■ **Task goal**:
First find the line with "All values indicated", then reproduce it and all following lines of the data to the end, exactly and with no pictures, adding nothing.

Records excerpted from a collection:

☆ ☆ ☆ ☆ ☆ ☆ ☆

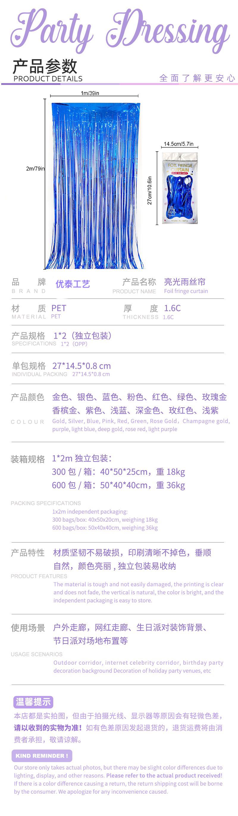 跨境电商派对亮光雨丝帘 1*2m English | 投诉
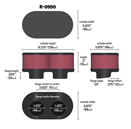 K&N R-0990 Universal Clamp-On Air Filter: Oval Straight; 1.875 in (48 mm) Flange ID; 3 in (76 mm) Height; 6.125 in x 3.875 in (156 mm x 98 mm) Base; 6.125 in x 3.875 in (156 mm x 98 mm) Top
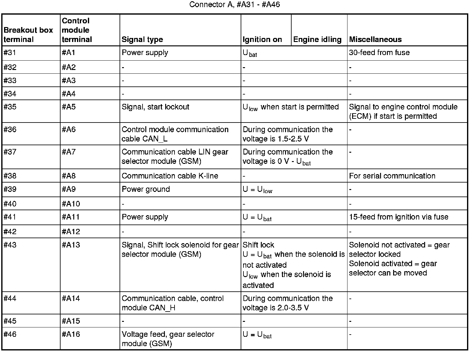 All values indicated below are between respective connection in column 1 and #A9 (#39 on the breakout box). If this is not the case, it is indicated within brackets.
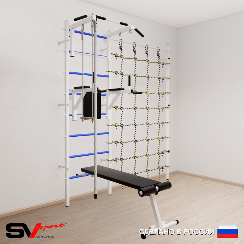 КОМПЛЕКТАЦИЯ: Шведская стенка Sv Sport усиленная (профиль вертикальных стоек 60 х 40 х 2 мм), Турник Sv Sport стандарт к ШС, Брусья Sv Sport к ШС, Скамья для пресса и жима Sv Sport к ШС, Kанат, Трапеция, Канатный лаз.
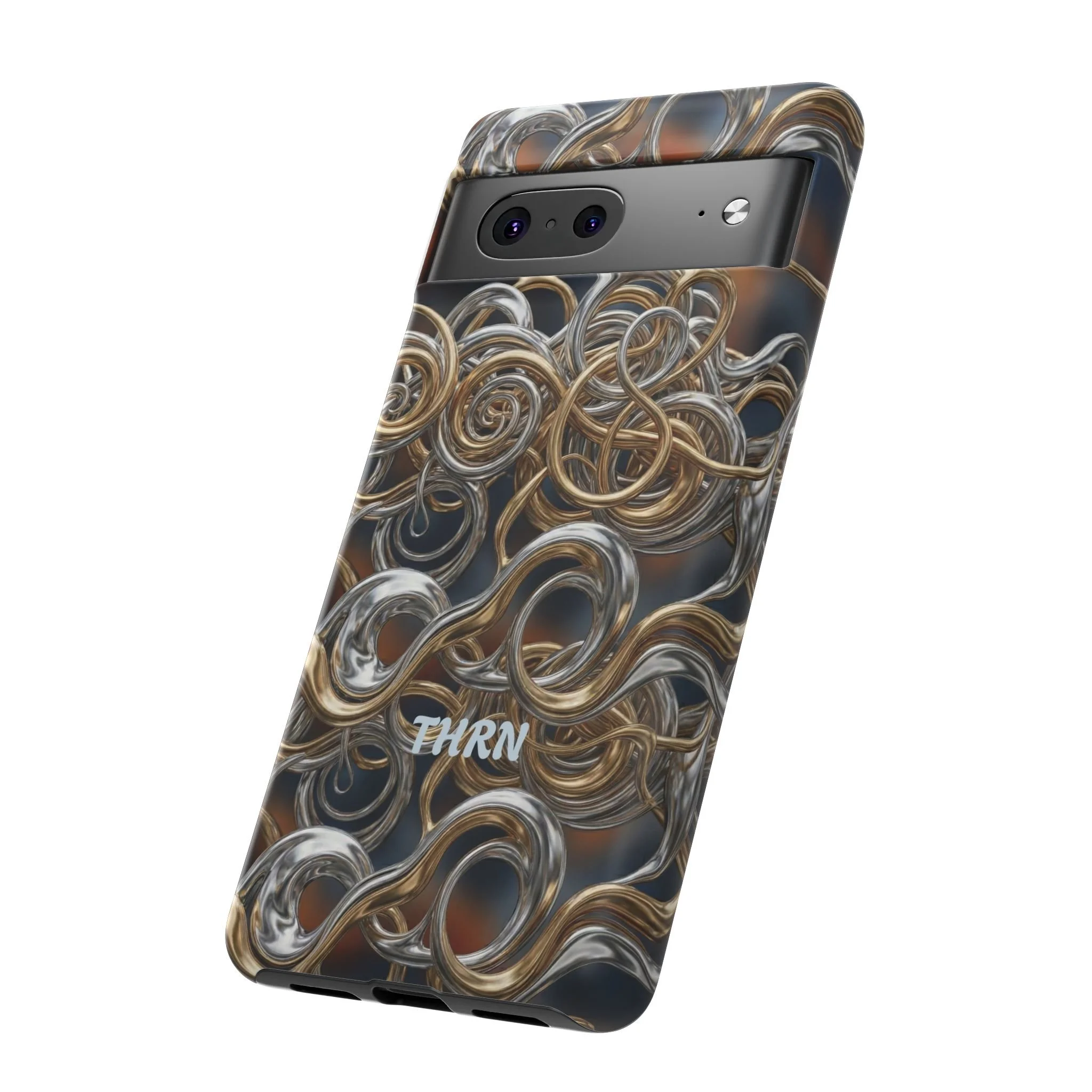 A rugged, stylish phone case that balances industrial edge with everyday practicality. The wraparound metallic loop pattern gives a tactile, chain-mail look that catches light in bronze and steel tones. Dual-layer construction with a glossy or matte finish cushions drops while keeping ports open and wireless charging accessible. Weather-resistant inks and certified materials mean it ages well when treated with care. This case slips into a commuter’s pocket, a maker’s workshop, or a travel bag and stands up to the small collisions of daily life while adding a bold, crafted accent to your phone.
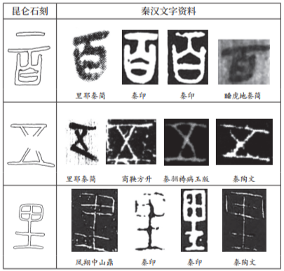 昆仑石刻与秦汉文字字形对照图(局部)
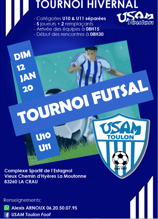 Tournoi Futsal catégories U10 & U11 séparés, organisé par l'USAM Toulon au gymnase de l'Estagnol à La Crau.
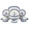 printed and glazed earthenware, comprising ELEVEN DINNER PLATES, 26.7cm diameter; ELEVEN SOUP PLATES, 26.3cm diameter; TWO VEGETABLE TUREENS & COVERS, 29cm wide; a SOUP TUREEN, COVER AND STAND, stand 38cm wide, tureen 27cm high; and a LARGE SERVING DISH, 47cm long, each printed GOTHIC, impressed NEW STONE/ BB (28)

☆ ☆ ☆ ☆ ☆ ☆ ☆

■ **Finished task**:
 All values indicated below are between respective connection in column 1 and #A9 (#39 on the breakout box). If this is not the case, it is indicated within brackets.
 КОМПЛЕКТАЦИЯ: Шведская стенка Sv Sport усиленная (профиль вертикальных стоек 60 х 40 х 2 мм), Турник Sv Sport стандарт к ШС, Брусья Sv Sport к ШС, Скамья для пресса и жима Sv Sport к ШС, Kанат, Трапеция, Канатный лаз.
 A rugged, stylish phone case that balances industrial edge with everyday practicality. The wraparound metallic loop pattern gives a tactile, chain-mail look that catches light in bronze and steel tones. Dual-layer construction with a glossy or matte finish cushions drops while keeping ports open and wireless charging accessible. Weather-resistant inks and certified materials mean it ages well when treated with care. This case slips into a commuter’s pocket, a maker’s workshop, or a travel bag and stands up to the small collisions of daily life while adding a bold, crafted accent to your phone.
 昆仑石刻与秦汉文字字形对照图(局部)
 Tournoi Futsal catégories U10 & U11 séparés, organisé par l'USAM Toulon au gymnase de l'Estagnol à La Crau.
 printed and glazed earthenware, comprising ELEVEN DINNER PLATES, 26.7cm diameter; ELEVEN SOUP PLATES, 26.3cm diameter; TWO VEGETABLE TUREENS & COVERS, 29cm wide; a SOUP TUREEN, COVER AND STAND, stand 38cm wide, tureen 27cm high; and a LARGE SERVING DISH, 47cm long, each printed GOTHIC, impressed NEW STONE/ BB (28)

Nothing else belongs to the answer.